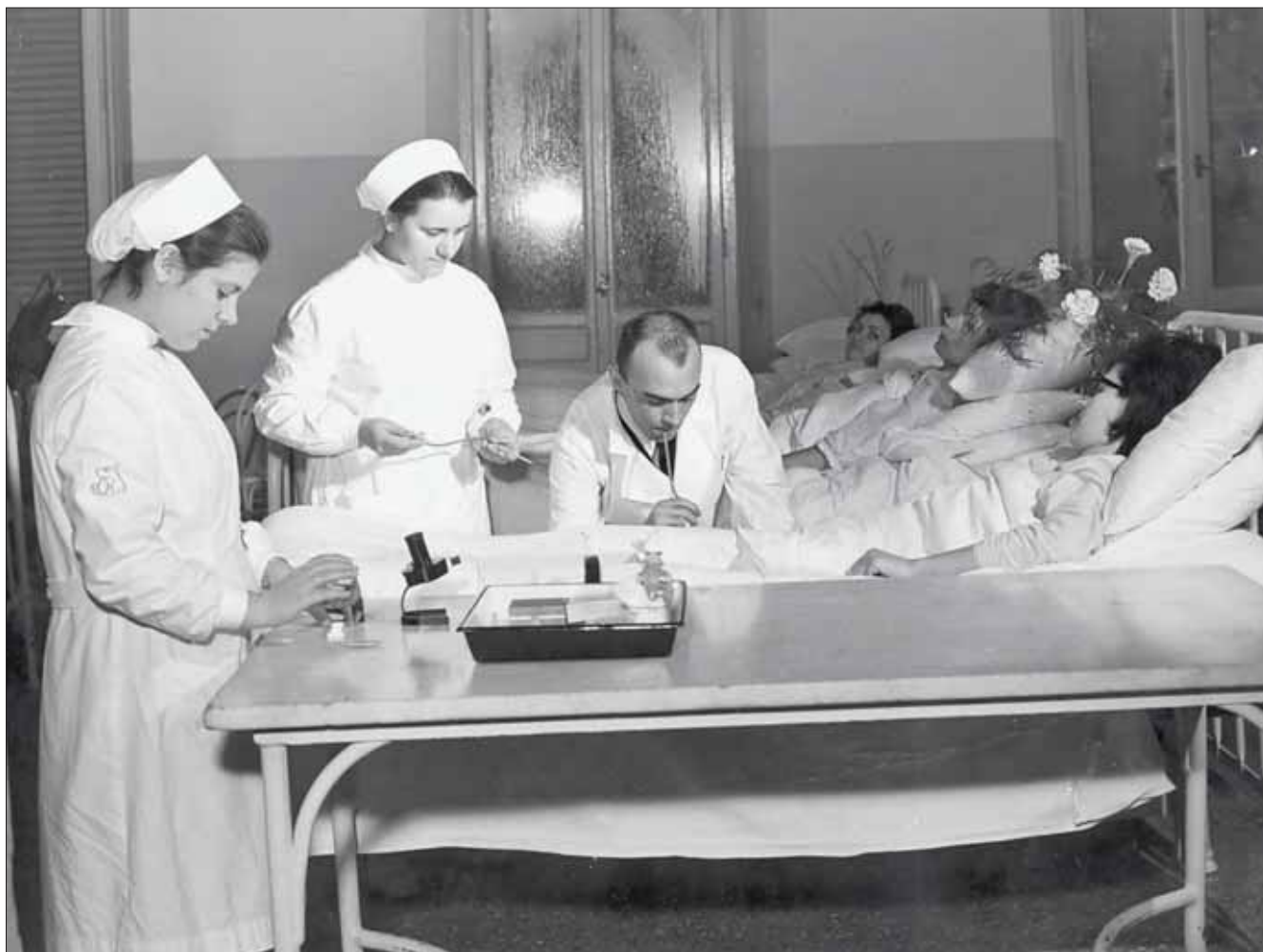
Attività diagnostica al letto del malato
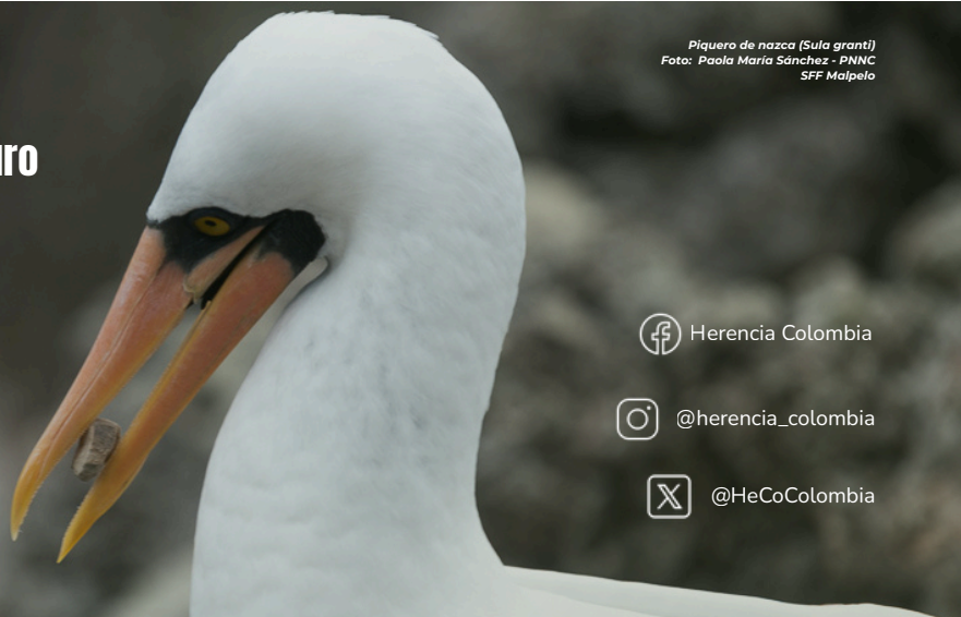
Piquero de nazca ( Sula granti )
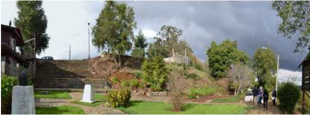
AHORA: Fuerte Tucapel, Cañete
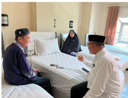
Gambar 4.11 Manasik Khusus dan Pendampingan Jemaah Lansia di Kamar

Perbedaan paling menonjol antara manasik jemaah umum dan manasik lansia terletak pada tempat, metode, materi, dan pola pendampingannya. Jemaah umum menerima materi secara kolektif di masjid, sedangkan jemaah lansia menerima bimbingan langsung di kamar. Jemaah umum diarahkan untuk memahami keseluruhan alur ibadah dan perjalanan haji, sedangkan jemaah lansia lebih diarahkan pada hal-hal pokok, seperti rukun haji, wajib haji, penggunaan kursi roda, pentingnya menunggu giliran, istirahat yang cukup, serta pilihan kemudahan seperti safari wukuf, murur, dan tanazul. Hal ini menunjukkan bahwa Program Haji Ramah Lansia di UPT Asrama Haji Embarkasi Banjarmasin benar-benar diwujudkan melalui penyesuaian layanan sesuai kondisi jemaah, bukan hanya dalam bentuk fasilitas fisik, tetapi juga dalam cara membimbing, mendampingi, dan memperlakukan jemaah lansia secara lebih manusiawi.
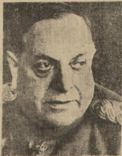
Yugoslav Genel Kurmay Başkanı General Nedich
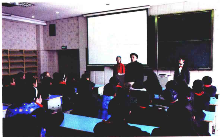
“感动班级年度人物”颁奖典礼
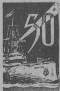
ПЕТРОГРАД. 1917 йил. Қишки саройга ҳужум.
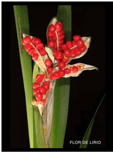
FLOR DE LIRIO
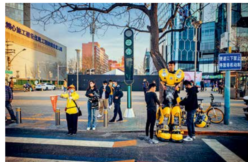
三等奖《23秒-北京现代与日常传统之间的通道》苏善书(法国)

S型曲折的街头雕塑充满画面, 两个行人分坐左右, 画面很均衡, 背景建筑幕墙上的“请就坐”的中英文提示非常醒目, 起到了点明主题和稳定画面的作用, 透着一种轻松幽默的意味。
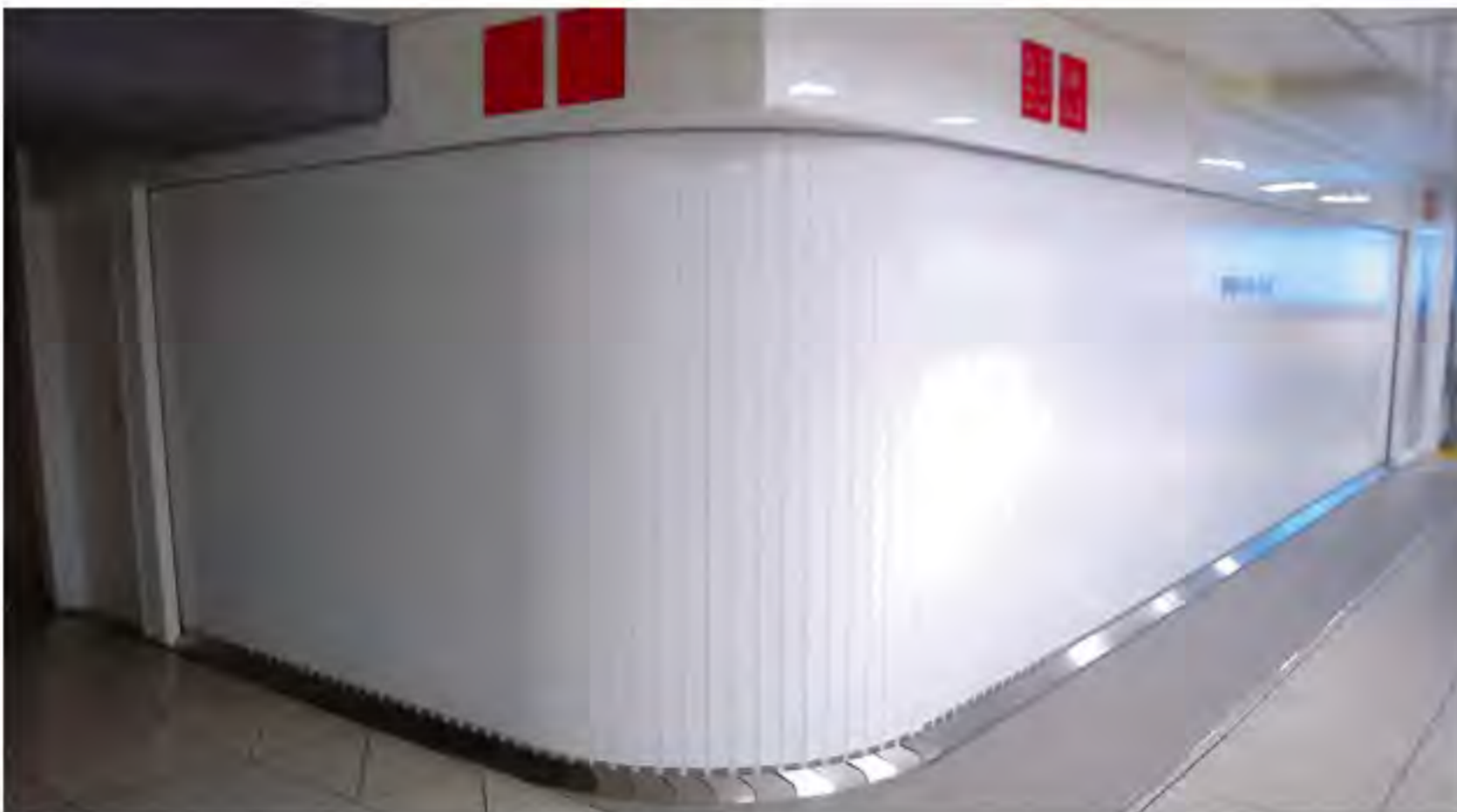
曲面にも対応できる

横引き式シャッターはカーテンと同じように、左右に開閉できるシャッターであり、上下式シャッターに比べ、いくつかのメリットを持つ。上下式では1枚のシャッター幅が7～8メートルに決められているので、横に長くする場合は途中で柱を立てて、つないでやる必要がある。一方、横引き式シャッターは最大で約50メートルの長さまで一枚で設置することができる。また曲面を描くような構造にできるのも上下式にはない特長で、天井にシャッターボックスを置く必要もない。
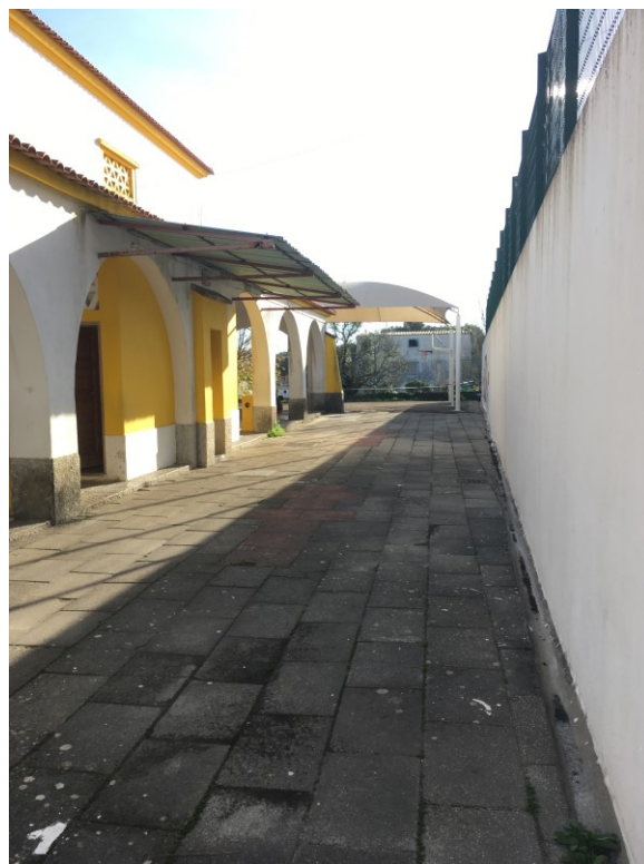
Zonas envolventes ao Plano Centenário – proposta de repavimentação global

Por se encontrar, atualmente, subaproveitado e sem a manutenção necessária, pretende-se uma recuperação que promova, valorize e potencialize este espaço de recreio e dar melhores condições às crianças para a realização de diversas atividades, essencialmente relacionadas com desporto e lazer.
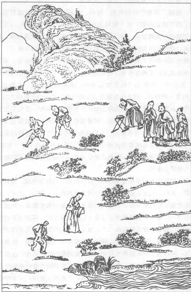
图 1—3 太保相宅图
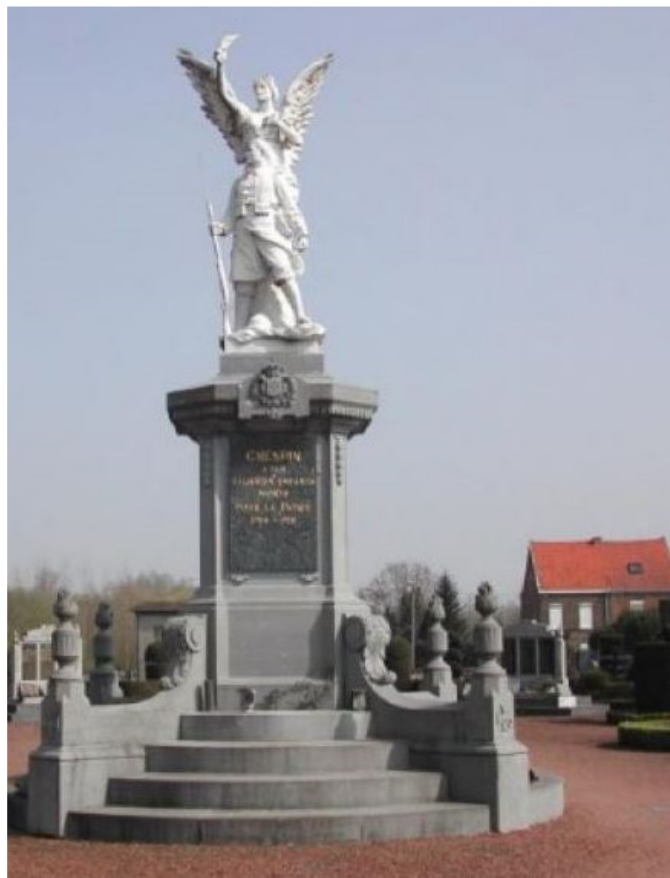
Monument aux Morts de Crespin photo Didier MAHU.
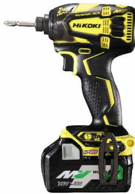
アクティブイエロー&ブラック
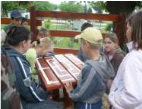
Kettő az egyben, asztal és társas
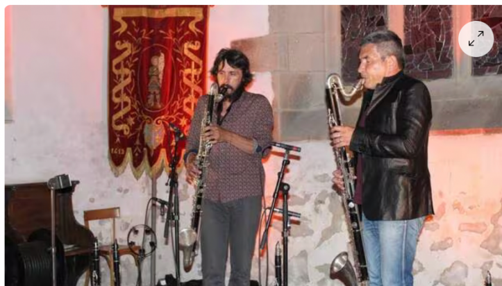
Le duo Cabaret Rocher se produira devant le public, en studio d'enregistrement, lundi 29 mai.

Le Studio Le Rocher, basé à Mohon (Morbihan) confirme son soutien aux musiciens. Son association récente avec le collectif de labels bretons Labels BizZzH en fait aussi un acteur naissant de la protection du disque. Les Studios de Bretagne (LSDB), un studio d'enregistrement analogique et numérique établi à Ploërmel , propose un soutien concret à ces ambitions déclarées en faveur de la musique et du disque, qu'il soit vinyle ou CD.

→ Activity: Once you find the line containing "Monument aux Morts", transcribe it and each line after it to the end of the records exactly, and leave out the pictures.

→ Reply to the task:
Monument aux Morts de Crespin photo Didier MAHU.
アクティブイエロー&ブラック
Kettő az egyben, asztal és társas
Le duo Cabaret Rocher se produira devant le public, en studio d'enregistrement, lundi 29 mai.

Le Studio Le Rocher, basé à Mohon (Morbihan) confirme son soutien aux musiciens. Son association récente avec le collectif de labels bretons Labels BizZzH en fait aussi un acteur naissant de la protection du disque. Les Studios de Bretagne (LSDB), un studio d'enregistrement analogique et numérique établi à Ploërmel , propose un soutien concret à ces ambitions déclarées en faveur de la musique et du disque, qu'il soit vinyle ou CD.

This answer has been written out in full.